After the layout was revealed, I stumbled upon this image on Pinterest and I set off in a new direction. All I was able to find was the image and it said it was pieced by Forest Jacobsen, but there was no link.


 It required some un-stitching of units and some deconstruction of the image in order to bring it all to fruition. It also required a restructuring of the setting triangles - the top one is the original design and the bottom is the new one:


  I also ended up adding a brown piano key border and brown binding because I had leftover pieces that were already the perfect size and thought it might ground or tone down some of the coral and turquoise. I also just really like brown:


But the top sat for a good long time before it was quilted:


 I bought yards and yards of this print years ago for $2.00/yd and it finally found it's home on the back of this quilt:

Jackie used a turquoise thread and her quilting brought such great movement to Bonnie's clever design:

My version finishes at 86 x 100 and I take my hat off to Bonnie and her mad designing skills. I'm not generally one to dive into mystery quilts, but I always learn something new and it gives me a whole new appreciation for pattern design.

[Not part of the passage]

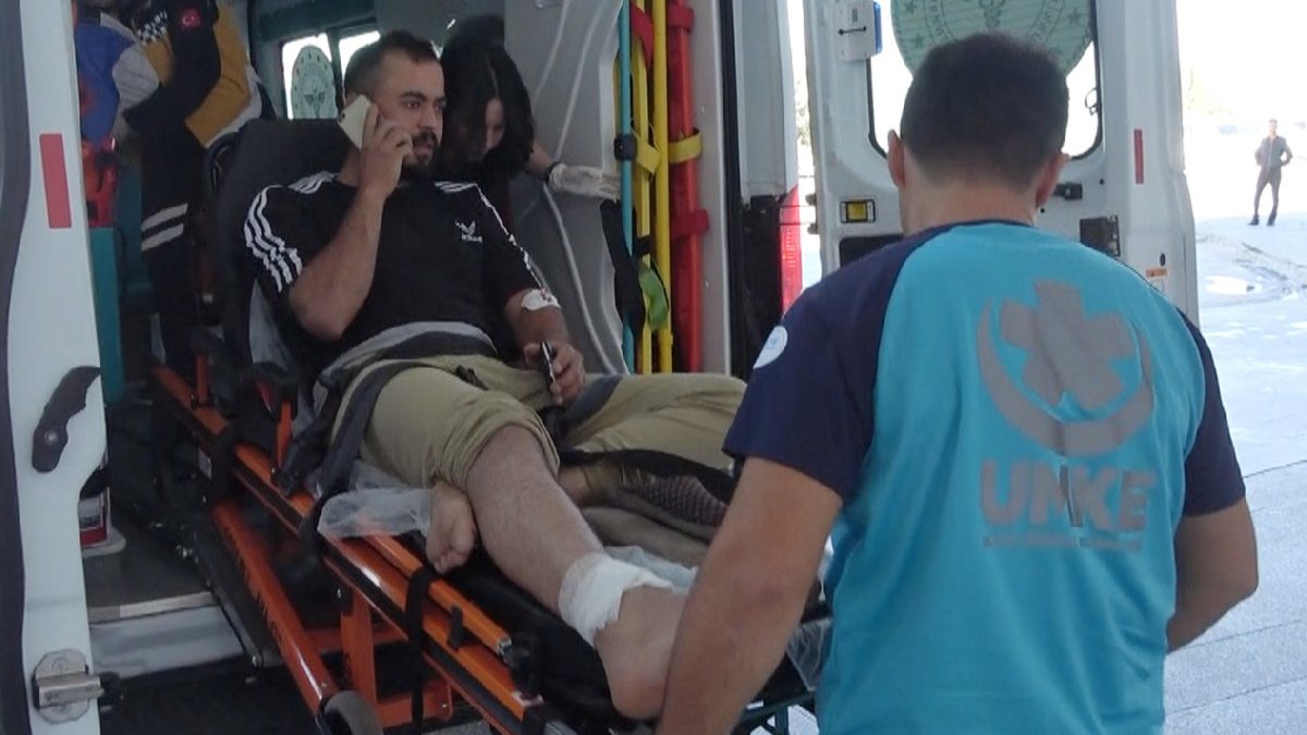 Çiftçi, sedyeyle ambulanstan indirilip acil servise götürülürken ise cep telefonuyla yakınlarına yaşadığı olayı anlattı. (DHA)

DH had just finished his feed run and pulled up as I was perched atop the ladder, clipping the quilt to the side of the barn. Skeet was wore out, but he jumped out of the feed truck and plopped down without any persuasion on my part. He's a lot like DH in that respect - neither will pose for a picture.

As you can tell, we're still waiting on rain...the ground is bare. Nary a green sprig to be seen, but the wind wasn't howling and that makes it a good day:

Friday, April 5, 2019

The Pitter-Patter of Little Feet

Chicken feet. 😁

Yes, I brought home a dozen little fluffy baby chicks last week and set them up in the bunkhouse in an empty stock tank:

They are growing fast as evidenced by their burgeoning feathers from one week to the next:


I'm currently getting 7 or 8 eggs from 10 chickens, but about every 3 years or so, I bring in new chicks, as the older girls will at some point reach the end of their egg-laying days. Don't worry - they still get to live out their days being pampered with the rest of the feathered flock, roaming the homestead in free-range fashion and digging through the horse pens in search of delectable morsels.

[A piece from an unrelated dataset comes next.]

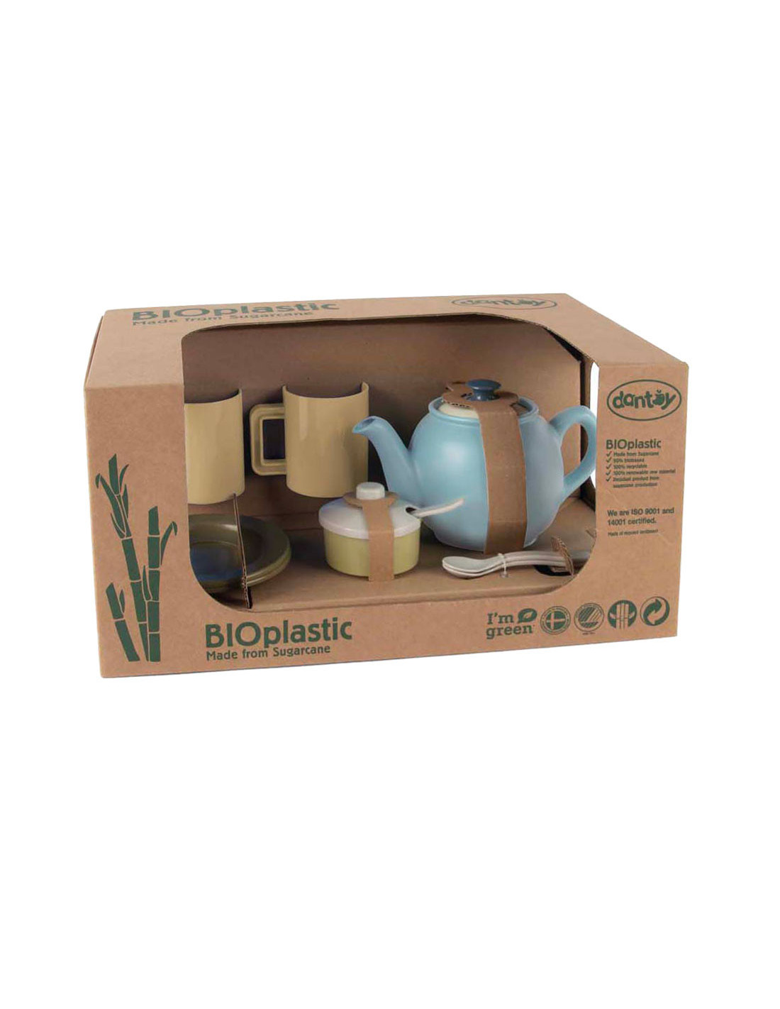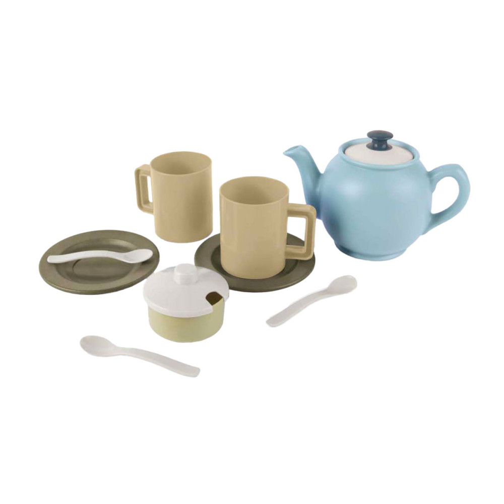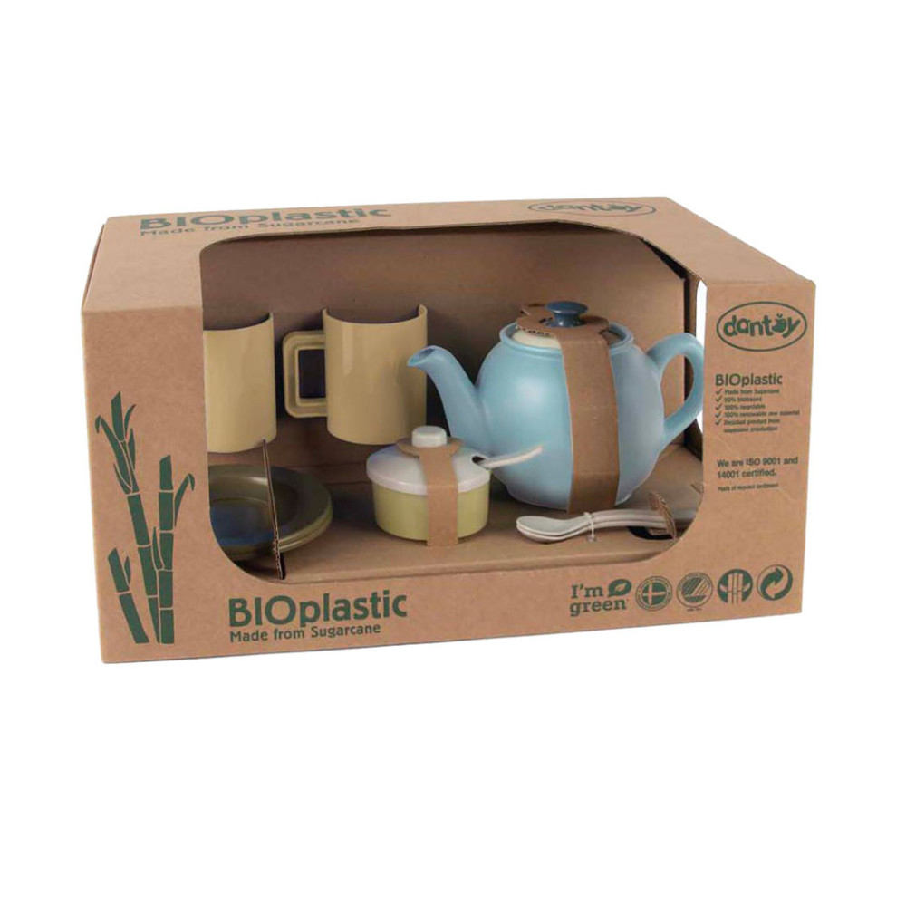 Dantoy theeservies, 11-delig, gemaakt van BIOplastic (suikerriet). Lichtgewicht, stevig en vrij van schadelijke stoffen, geschikt voor kinderen vanaf 2 jaar.

In the meantime, these little peeps:


Are being kept toasty warm under the heat lamp until they outgrow their nursery tub:


Wednesday, April 3, 2019

A New Sewing Machine

Well, that's really misleading. It's not really new. It's the same machine I've been using for 10 years, but I took it in for a cleaning. I've always hauled my machine to town every 18 months or so and shelled out $75 for a tune-up. Or so I thought. Apparently the fellow who came to the local quilt shop and took in machines to clean a few times a year, wasn't as thorough as I thought because although I clean out under my bobbin, remove my needle plate and clean around that, and attach a tool to my vacuum cleaner to remove lint every couple of months, this is what I was gifted when I picked up my machine a few weeks ago. Truth be told, I'm kind of embarrassed to even show it to you:

When I made the trip to visit our boy a few weeks ago, I dropped off my sewing machine as I drove through a little mountain town with a wonderful quilt shop. I blogged about the shop here:

                                                           A Quilting Stitchuation.

 Jackie's husband is fastidious when he cleans machines and my old faithful sewing companion now purrs like a kitten. Honestly, it worked fine before and I didn't have any problems with it, but I had no idea how off everything was. My sewing machine was an investment a decade ago. I almost hyperventilated when I bought it because I don't spend that kind of money, but it's been a gem and I want it to last many more years and I try to take care of it.  I felt awful when I saw that zippered bag, but I'm sure glad Gene is so meticulous. It was $75 well spent and stitching can now commence because there are quilts to be made!